## Instructions for the task
For this exercise, write out the whole listing below exactly, omitting its images.

● ● ●

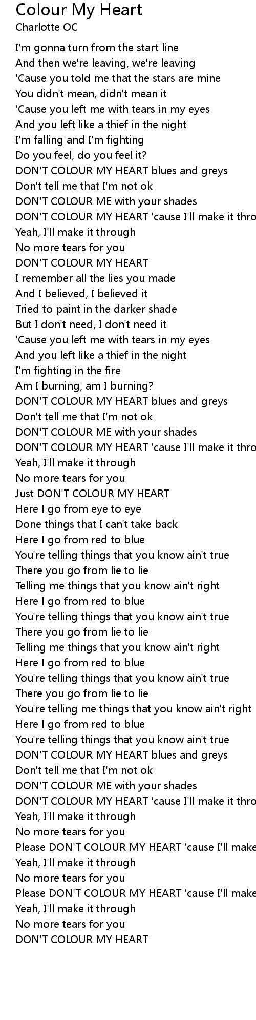 Please DON'T COLOUR MY HEART 'cause I'll make it through |
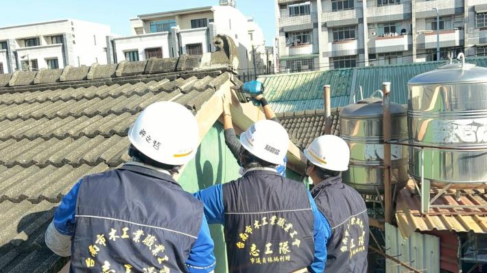 官田區本次服務對象為41年次的陳女士,因丹娜絲颱風造成住家受損,屋頂及廚房多處破壞。陳女士每月僅仰賴約4,000多元的中低收入老人生活津貼維生,面對高額修繕費用實屬無力負擔。勞工局在接獲通報後,立即媒合做工行善團投入協助,展開分工修繕行動。今日由臺南市木工業職業工會及電氣業職業工會接力進場,進行室內裝潢、電線配置及熱水器安裝等工程。先前則已由泥水業職業工會完成天花板拆除、屋瓦修繕與防水施作,電子機械加工職業工會亦協助水槽與排水工程。後續將由油漆工程業職業工會接棒,為陳女士的住家進行最後美化,逐步完成安全、舒適的居住空間。
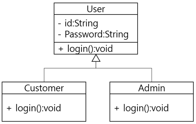 ex) User라는 클래스를 상속받은 Customer와 Admin 클래스
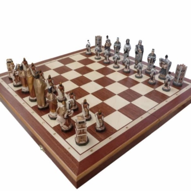 Ein Schachspielset bestehend aus handbemalten Harzfiguren mit einem mittelalterlichen Thema, sie haben eine Könighöhe von 13,5 cm.
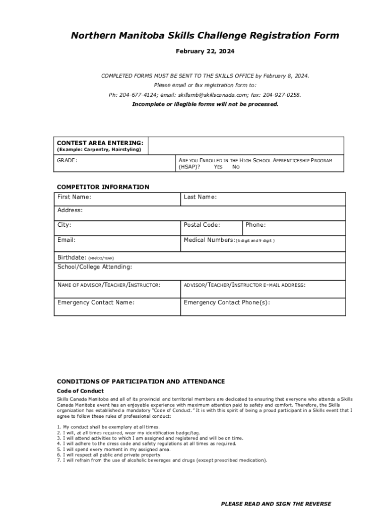 Northern Manitoba Skills Challenge Registration Form February 22, 2024COMPLETED FORMS MUST BE SENT TO THE SKILLS OFFICE by February 8, 2024. Please email or fax registration form to: Ph: 2046774124;
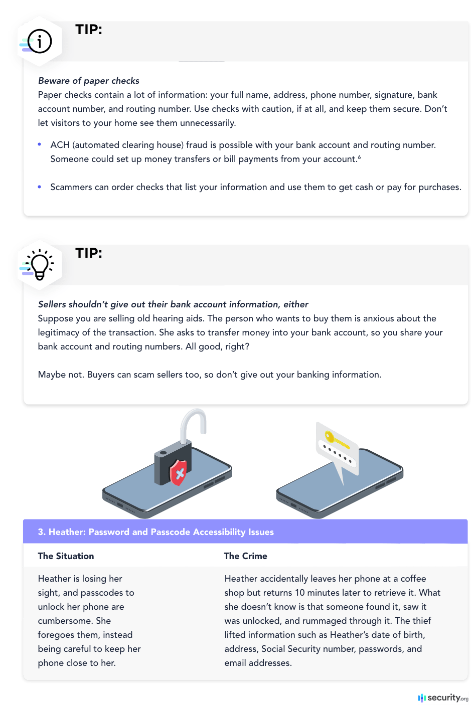 Secure your computers and mobile devices with biometrics, passcodes, or other digital locks. Keep birth certificates, Social Security cards, passports, checkbooks, and other sensitive documents in protected locations such as lockboxes. Be extra careful around holidays or if you have multiple people in and out of your home.
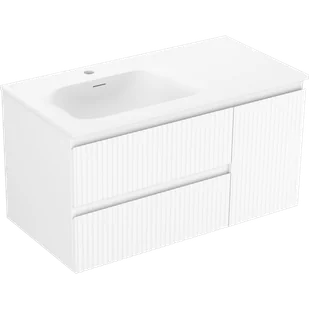 Mexen Rivel szafka łazienkowa 90 cm z umywalką Vela lewą, 2S, 1D, ryflowana, biała mat - 91A23-09047-3-BBFFF01-W23L01
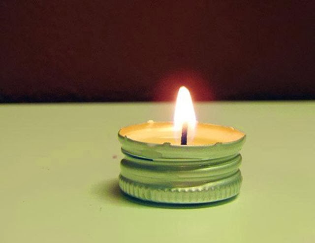 Even glass bottle sealed cap can be used as tea light. In fact, that looks way prettier.

● ● ●

## Your solution
 Please DON'T COLOUR MY HEART 'cause I'll make it through |
 官田區本次服務對象為41年次的陳女士,因丹娜絲颱風造成住家受損,屋頂及廚房多處破壞。陳女士每月僅仰賴約4,000多元的中低收入老人生活津貼維生,面對高額修繕費用實屬無力負擔。勞工局在接獲通報後,立即媒合做工行善團投入協助,展開分工修繕行動。今日由臺南市木工業職業工會及電氣業職業工會接力進場,進行室內裝潢、電線配置及熱水器安裝等工程。先前則已由泥水業職業工會完成天花板拆除、屋瓦修繕與防水施作,電子機械加工職業工會亦協助水槽與排水工程。後續將由油漆工程業職業工會接棒,為陳女士的住家進行最後美化,逐步完成安全、舒適的居住空間。
 ex) User라는 클래스를 상속받은 Customer와 Admin 클래스
 Ein Schachspielset bestehend aus handbemalten Harzfiguren mit einem mittelalterlichen Thema, sie haben eine Könighöhe von 13,5 cm.
 Northern Manitoba Skills Challenge Registration Form February 22, 2024COMPLETED FORMS MUST BE SENT TO THE SKILLS OFFICE by February 8, 2024. Please email or fax registration form to: Ph: 2046774124;
 Secure your computers and mobile devices with biometrics, passcodes, or other digital locks. Keep birth certificates, Social Security cards, passports, checkbooks, and other sensitive documents in protected locations such as lockboxes. Be extra careful around holidays or if you have multiple people in and out of your home.
 Mexen Rivel szafka łazienkowa 90 cm z umywalką Vela lewą, 2S, 1D, ryflowana, biała mat - 91A23-09047-3-BBFFF01-W23L01
 Even glass bottle sealed cap can be used as tea light. In fact, that looks way prettier.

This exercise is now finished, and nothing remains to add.